Items from a data source:
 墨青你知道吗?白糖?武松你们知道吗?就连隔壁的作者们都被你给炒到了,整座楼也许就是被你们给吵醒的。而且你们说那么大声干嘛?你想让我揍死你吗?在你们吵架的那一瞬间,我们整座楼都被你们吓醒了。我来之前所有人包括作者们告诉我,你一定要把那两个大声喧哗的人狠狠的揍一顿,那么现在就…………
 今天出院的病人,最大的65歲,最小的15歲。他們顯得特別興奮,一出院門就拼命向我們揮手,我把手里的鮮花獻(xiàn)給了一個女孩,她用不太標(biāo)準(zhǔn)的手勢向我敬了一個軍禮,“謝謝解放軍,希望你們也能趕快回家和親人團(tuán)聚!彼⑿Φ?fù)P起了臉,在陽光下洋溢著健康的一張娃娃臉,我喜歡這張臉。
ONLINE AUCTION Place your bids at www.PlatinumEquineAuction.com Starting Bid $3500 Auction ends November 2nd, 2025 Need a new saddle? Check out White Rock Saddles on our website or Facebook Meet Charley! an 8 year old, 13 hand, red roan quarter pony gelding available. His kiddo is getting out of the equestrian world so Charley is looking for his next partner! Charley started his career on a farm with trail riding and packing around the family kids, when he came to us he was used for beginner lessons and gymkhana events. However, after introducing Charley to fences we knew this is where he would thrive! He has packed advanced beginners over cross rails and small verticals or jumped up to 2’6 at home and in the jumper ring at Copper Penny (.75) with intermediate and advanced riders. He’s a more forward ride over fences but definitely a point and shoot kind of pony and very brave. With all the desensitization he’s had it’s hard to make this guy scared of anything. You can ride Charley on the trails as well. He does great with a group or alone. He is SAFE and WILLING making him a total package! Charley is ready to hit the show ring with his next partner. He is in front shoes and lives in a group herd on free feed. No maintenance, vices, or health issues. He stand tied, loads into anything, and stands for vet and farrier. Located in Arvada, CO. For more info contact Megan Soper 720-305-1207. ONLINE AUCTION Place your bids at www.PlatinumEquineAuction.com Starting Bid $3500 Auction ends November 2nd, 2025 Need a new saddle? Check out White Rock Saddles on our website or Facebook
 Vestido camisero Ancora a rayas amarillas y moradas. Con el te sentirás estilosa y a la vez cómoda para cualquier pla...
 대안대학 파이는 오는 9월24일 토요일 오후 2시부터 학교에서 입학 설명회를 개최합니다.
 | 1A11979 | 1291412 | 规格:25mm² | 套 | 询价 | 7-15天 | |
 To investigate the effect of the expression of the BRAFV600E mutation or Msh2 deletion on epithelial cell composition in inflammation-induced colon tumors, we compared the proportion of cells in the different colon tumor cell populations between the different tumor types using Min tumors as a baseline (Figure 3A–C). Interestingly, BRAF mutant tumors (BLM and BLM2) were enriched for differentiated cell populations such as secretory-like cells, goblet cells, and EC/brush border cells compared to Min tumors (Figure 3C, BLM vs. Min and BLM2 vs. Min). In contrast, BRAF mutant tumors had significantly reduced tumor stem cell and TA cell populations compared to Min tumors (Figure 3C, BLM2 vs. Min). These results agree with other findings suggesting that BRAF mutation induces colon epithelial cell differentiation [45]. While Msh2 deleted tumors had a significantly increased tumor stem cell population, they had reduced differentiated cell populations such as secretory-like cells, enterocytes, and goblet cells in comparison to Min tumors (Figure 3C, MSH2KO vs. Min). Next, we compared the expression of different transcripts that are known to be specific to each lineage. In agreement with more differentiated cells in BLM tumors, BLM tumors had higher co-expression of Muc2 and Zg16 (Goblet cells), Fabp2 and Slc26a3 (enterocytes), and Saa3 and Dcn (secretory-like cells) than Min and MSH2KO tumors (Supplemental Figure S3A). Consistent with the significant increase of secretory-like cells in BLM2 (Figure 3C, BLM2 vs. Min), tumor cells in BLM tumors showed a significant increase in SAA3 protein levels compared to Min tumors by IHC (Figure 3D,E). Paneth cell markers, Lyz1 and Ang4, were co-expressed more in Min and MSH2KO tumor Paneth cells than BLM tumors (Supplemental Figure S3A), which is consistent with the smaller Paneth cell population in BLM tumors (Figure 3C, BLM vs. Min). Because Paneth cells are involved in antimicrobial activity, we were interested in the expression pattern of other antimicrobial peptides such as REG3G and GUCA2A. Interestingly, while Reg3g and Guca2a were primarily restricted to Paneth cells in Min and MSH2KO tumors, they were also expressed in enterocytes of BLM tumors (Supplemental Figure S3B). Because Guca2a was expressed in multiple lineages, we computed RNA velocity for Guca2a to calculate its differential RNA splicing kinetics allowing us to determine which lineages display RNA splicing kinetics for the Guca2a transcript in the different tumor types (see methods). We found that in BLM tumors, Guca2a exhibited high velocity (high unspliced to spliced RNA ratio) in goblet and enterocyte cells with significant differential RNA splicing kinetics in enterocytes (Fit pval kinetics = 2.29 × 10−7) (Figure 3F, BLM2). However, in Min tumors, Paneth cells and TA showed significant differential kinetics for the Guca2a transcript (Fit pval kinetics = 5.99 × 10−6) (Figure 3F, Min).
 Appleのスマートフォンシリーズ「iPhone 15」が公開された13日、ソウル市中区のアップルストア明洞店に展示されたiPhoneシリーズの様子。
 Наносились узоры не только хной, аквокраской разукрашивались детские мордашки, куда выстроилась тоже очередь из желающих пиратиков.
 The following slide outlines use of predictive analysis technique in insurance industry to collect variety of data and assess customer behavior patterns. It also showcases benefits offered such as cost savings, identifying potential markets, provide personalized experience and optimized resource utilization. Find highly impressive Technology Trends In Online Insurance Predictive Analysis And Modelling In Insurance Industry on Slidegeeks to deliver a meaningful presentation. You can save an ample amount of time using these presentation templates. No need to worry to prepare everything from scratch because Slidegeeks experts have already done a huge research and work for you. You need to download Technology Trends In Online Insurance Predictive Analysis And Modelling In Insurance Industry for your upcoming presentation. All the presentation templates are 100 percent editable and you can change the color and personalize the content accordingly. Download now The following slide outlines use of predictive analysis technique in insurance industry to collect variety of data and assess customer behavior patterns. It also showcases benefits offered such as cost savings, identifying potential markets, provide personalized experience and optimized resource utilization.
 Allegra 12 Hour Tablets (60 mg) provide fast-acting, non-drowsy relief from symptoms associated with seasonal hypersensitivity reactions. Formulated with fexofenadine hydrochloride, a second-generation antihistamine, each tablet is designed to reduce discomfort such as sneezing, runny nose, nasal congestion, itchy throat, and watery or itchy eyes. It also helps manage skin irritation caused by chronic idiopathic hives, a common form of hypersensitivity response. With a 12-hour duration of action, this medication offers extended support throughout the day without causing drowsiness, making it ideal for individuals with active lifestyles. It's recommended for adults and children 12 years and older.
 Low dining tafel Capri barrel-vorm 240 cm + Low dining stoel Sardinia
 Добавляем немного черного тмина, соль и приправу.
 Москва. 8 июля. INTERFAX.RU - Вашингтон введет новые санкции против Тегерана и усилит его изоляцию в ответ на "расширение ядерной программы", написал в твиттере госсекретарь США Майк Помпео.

**PROBLEM REQUIREMENTS**
In the entries above, restate word for word the lines between the one holding "Наносились узоры не" and the one holding "resource utilization. Find", inclusive, and nothing besides.

**ANSWER TO THIS PROBLEM**
 Наносились узоры не только хной, аквокраской разукрашивались детские мордашки, куда выстроилась тоже очередь из желающих пиратиков.
 The following slide outlines use of predictive analysis technique in insurance industry to collect variety of data and assess customer behavior patterns. It also showcases benefits offered such as cost savings, identifying potential markets, provide personalized experience and optimized resource utilization. Find highly impressive Technology Trends In Online Insurance Predictive Analysis And Modelling In Insurance Industry on Slidegeeks to deliver a meaningful presentation. You can save an ample amount of time using these presentation templates. No need to worry to prepare everything from scratch because Slidegeeks experts have already done a huge research and work for you. You need to download Technology Trends In Online Insurance Predictive Analysis And Modelling In Insurance Industry for your upcoming presentation. All the presentation templates are 100 percent editable and you can change the color and personalize the content accordingly. Download now The following slide outlines use of predictive analysis technique in insurance industry to collect variety of data and assess customer behavior patterns. It also showcases benefits offered such as cost savings, identifying potential markets, provide personalized experience and optimized resource utilization.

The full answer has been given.